A Single Shard has much in common with The Golden Goblet. Though the settings are very different, the main character in each story struggles to overcome unfortunate circumstances in order to pursue an art form he truly loves. Between the two, A Single Shard seems more accessible for a broader, and perhaps also slightly younger audience. Though there is hardship and sadness in A Single Shard, there is not the violence and abuse that appears in The Golden Goblet, making it a less distressing story for elementary readers. A Single Shard is also partly a road story, which will appeal to young readers' (and especially boys') sense of adventure. (Though the "road" portion of the book could have been longer. It begins more than halfway through the story, which is a long time to wait if you're hoping for action.) 

The characters in A Single Shard, though few, are quite well-developed.
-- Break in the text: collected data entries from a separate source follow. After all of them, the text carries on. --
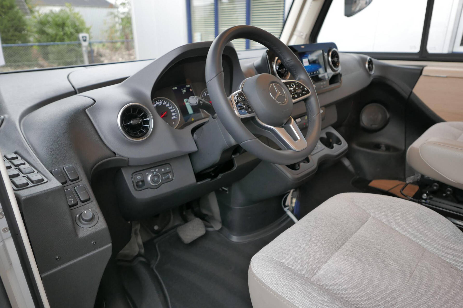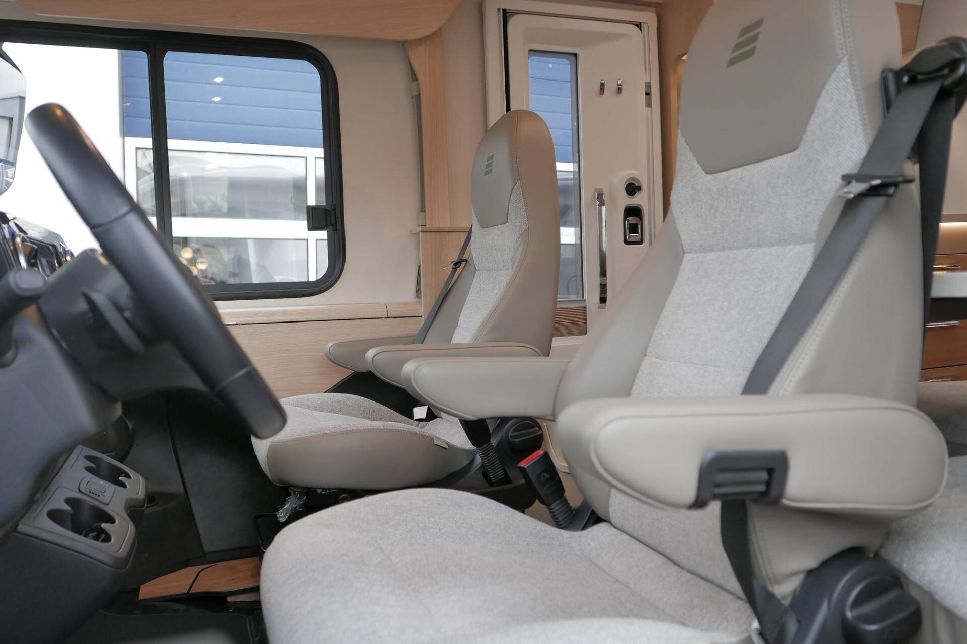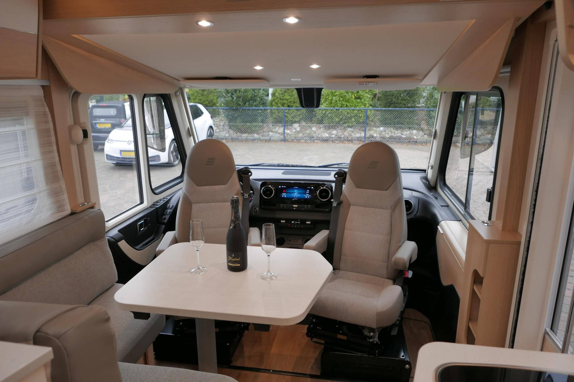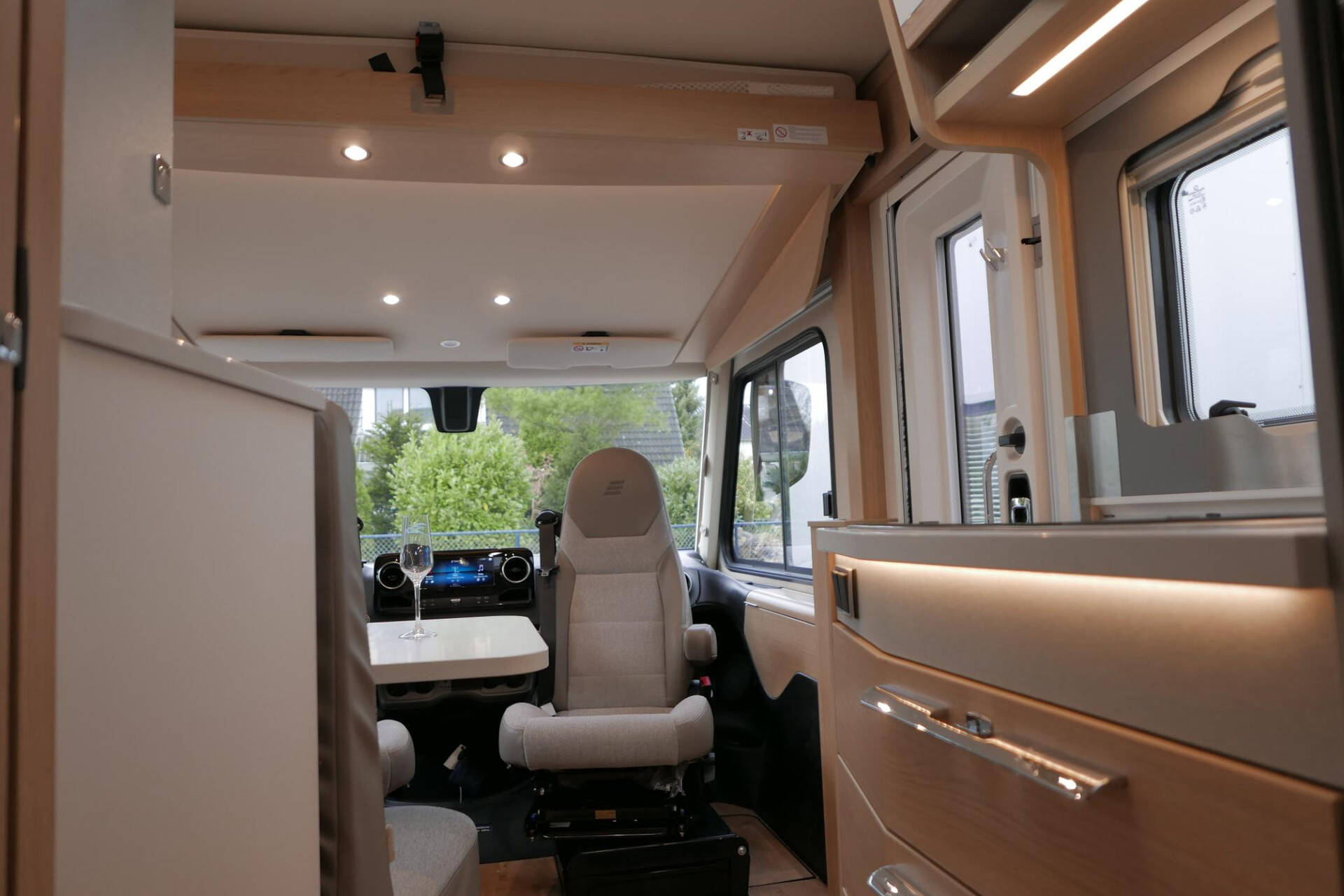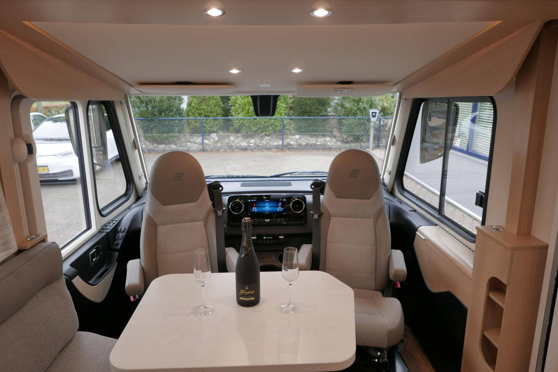 In de cabine van deze integraalcamper valt meteen het panorama uitzicht op, niet alleen om volop te genieten van de omgeving, maar ook tijdens het rijden een goed overzicht op het verkeer. De cabine is uitgerust met het Mercedes-Benz MBUX multimedia systeem en 2 luxe Aguti pilotenstoelen die volledig verstelbaar en draaibaar zijn. Verder beschikt deze camper over: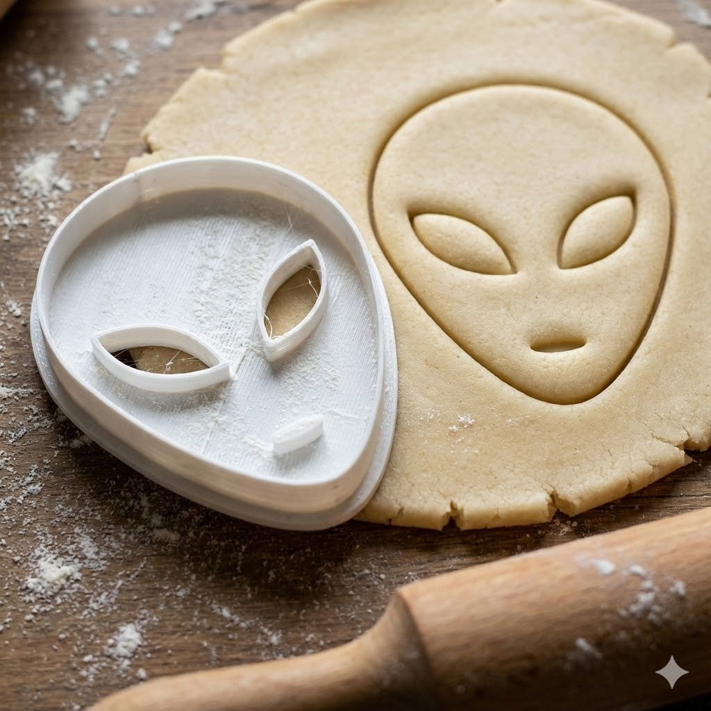 Emporte-pièce en forme de tête d'alien avec des yeux expressifs et des détails nets. Parfait pour créer des biscuits originaux sur le thème de l'espace et de la science-fiction.
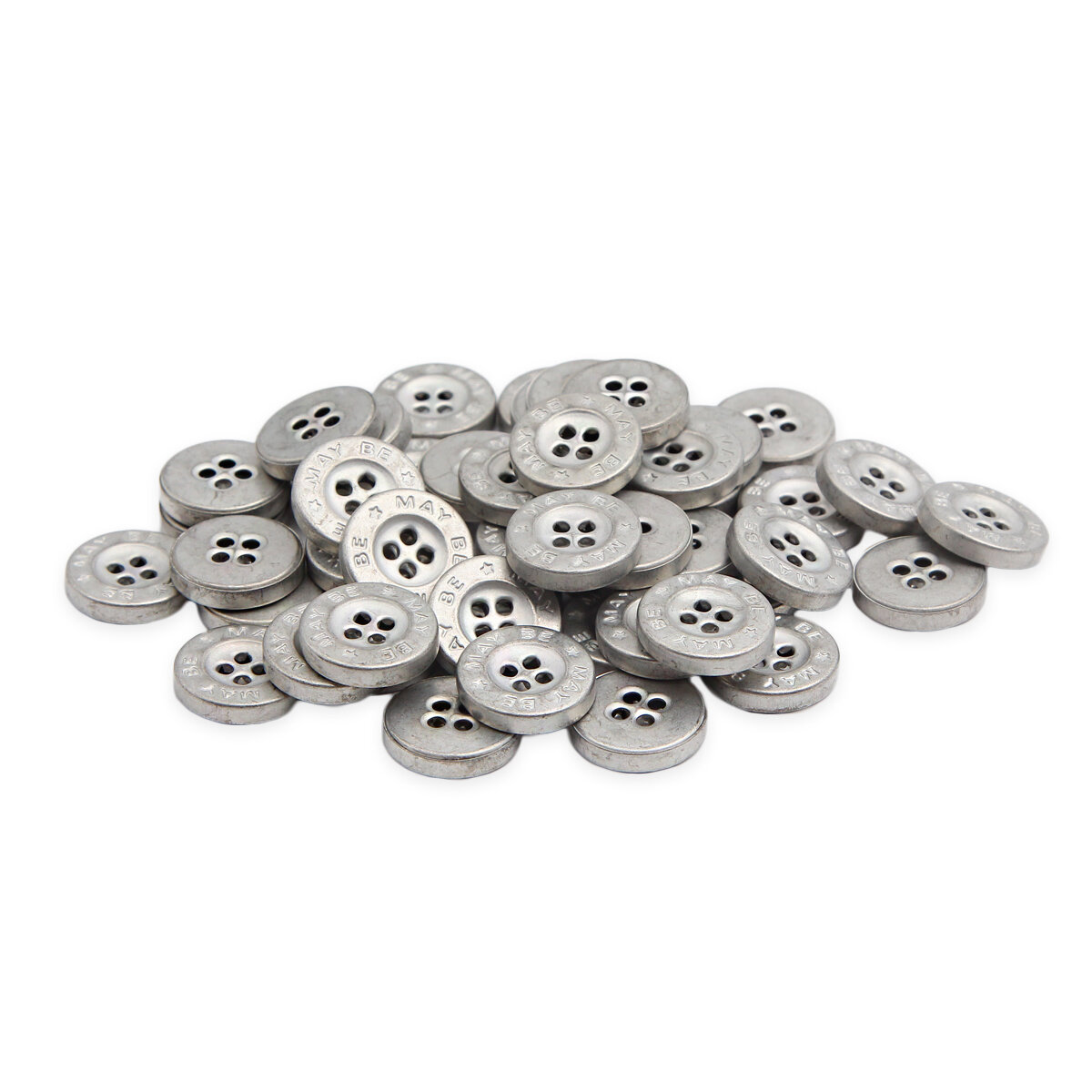 Купить 2102 Пуговица 'MAY BE' 26L (16мм) 4 прокола, металл, серебро, 50 шт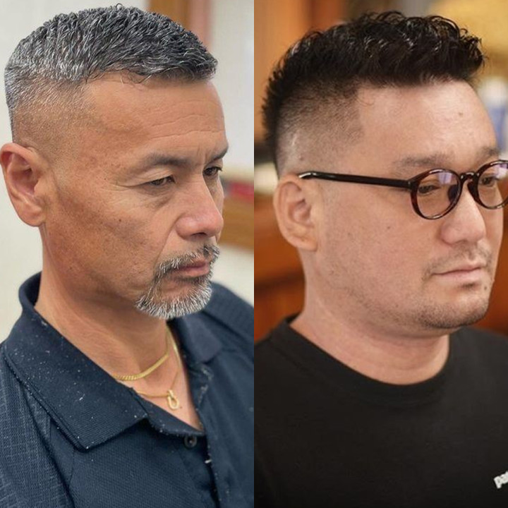 如果是没有明显脱发、秃头的情况,发量较多的话,则可以尝试三七分中短发。两侧不用直接推,用剪刀适当去薄来增加服帖感。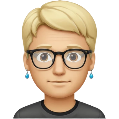 blond man wearing earrings, wearing glassess, with no beard emoji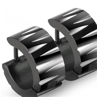 OPN1460 Ocelové náušnice - černé kroužky se zářezy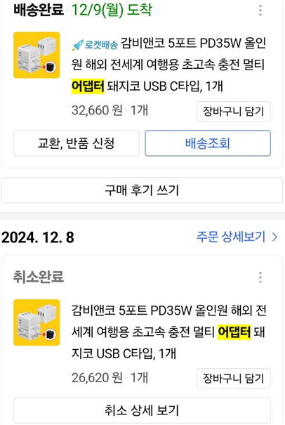 처음엔 판매자 물품으로 구입했는데 배송날짜가 아슬아슬했다. 그래서 로켓 배송으로 재주문했다. 판매자 물품보다 6천원 더 비쌌던 거 같다. 하지만 난 배송날짜가 더 중요했기 때문에 몇천 원의 값을 더 치렀다.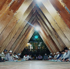 こうした状況を受けて、避難キャンプのすぐ横にパル コミュニティセンターの建設が計画されました。特徴的な三角の形は、この地の伝統的な住宅 Rumah Tambi に着想を得ています。合板は同じスラウェシ島で現地の職人によってプレカットされ、施工には地元の人々やバンドン工科大学、タデュラコ大学の建築学生らが参加しました。
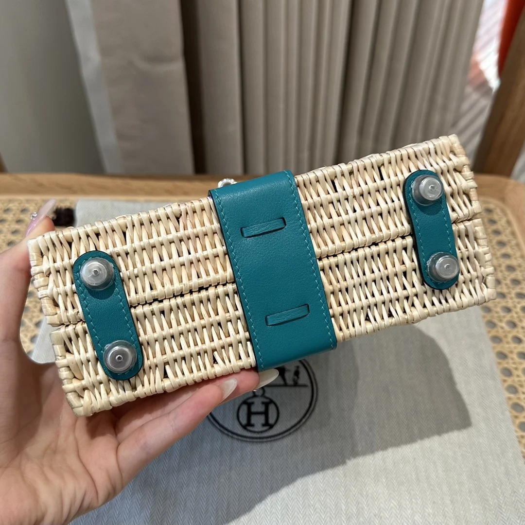 Kelly Picnic Bag 20cm, Original Imported Swift Leather with Woven Wicker, Peacock Blue, Silver Hardware, Limited Edition, Same Style as in Boutique, Wax Thread Stitching, Pure Stee..
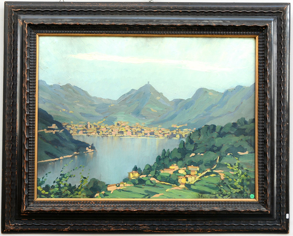 Fontana Daniele Milano 1900 1952 "Como da Cernobbio" olio su compensato (cm 60x80) firmato in basso a destra, in cornice a decoro guillochè (difetti)
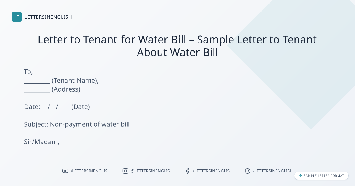 Letter to Tenant for Water Bill – Sample Letter to Tenant About Water Bill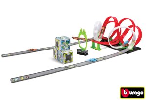 Dráha s autom. Veľkosť auta 8 cm. 1xAA batéria do auta nie je súčasťou. Žiadne svetelné a zvukové efekty. 4 varianty auta - zelené, žlté, modré, fialové.

The central friendship between Tree-ear and Crane-man provides an emotional core to the story that shapes the reader's feelings for Tree-ear and hope for his success. The slow reveal of information surrounding the tragedy that has struck Min's life is also very effective, and it enables the reader to feel Tree-ear's growing sense of affection for the potter and his wife. The kindness of the potter's wife, too, is notable, and she, of all the characters, makes an excellent role model for showing true charity to other human beings without asking for anything in return. 

Interestingly, this is yet another historical fiction novel in which a character has a disability, the third I have read recently where the affliction is a deformed limb, and the second where the injury is to the foot. In Thieves of Ostia, Lupus is mute because his tongue has been cut from his mouth. In The Last Girls of Pompeii, Julia's parents want to send her away because of a withered arm. In Shadow Spinner, Marjan has a crippled foot that limits her ability to marry or find work. While I wonder how prevalent these conditions actually were during the time periods represented by these books, I do think it is interesting that the authors chose to include them, and to portray the ways these characters were ostracized and stigmatized for being different. For elementary and middle school kids, these characters present opportunities to consider the injustices imposed by different societies and to think about how our current culture's treatment of the disabled is the same or different. 

Included as a preface in my copy of this book is Linda Sue Park's Newbery Medal acceptance speech. In it, she explains the inspiration for the book - a real piece of pottery from this time period which is decorated with cranes. For kids who feel that historical fiction is too far removed from real life, or who have a hard time connecting to books set in the distant past, having this connection to a real object might help them engage more with a story they would otherwise ignore. I also think that writing the backstory for a real object - historical or not - is a great exercise and a perfect writing assignment to accompany a literature study of this book. 

A Single Shard is a powerful, emotional, and exciting read about a time period and setting not often represented in children's fiction. It makes an excellent complement to a study on Korean history, especially thanks to the historical details given in the author's note, but it works just as well as a novel to read for enjoyment.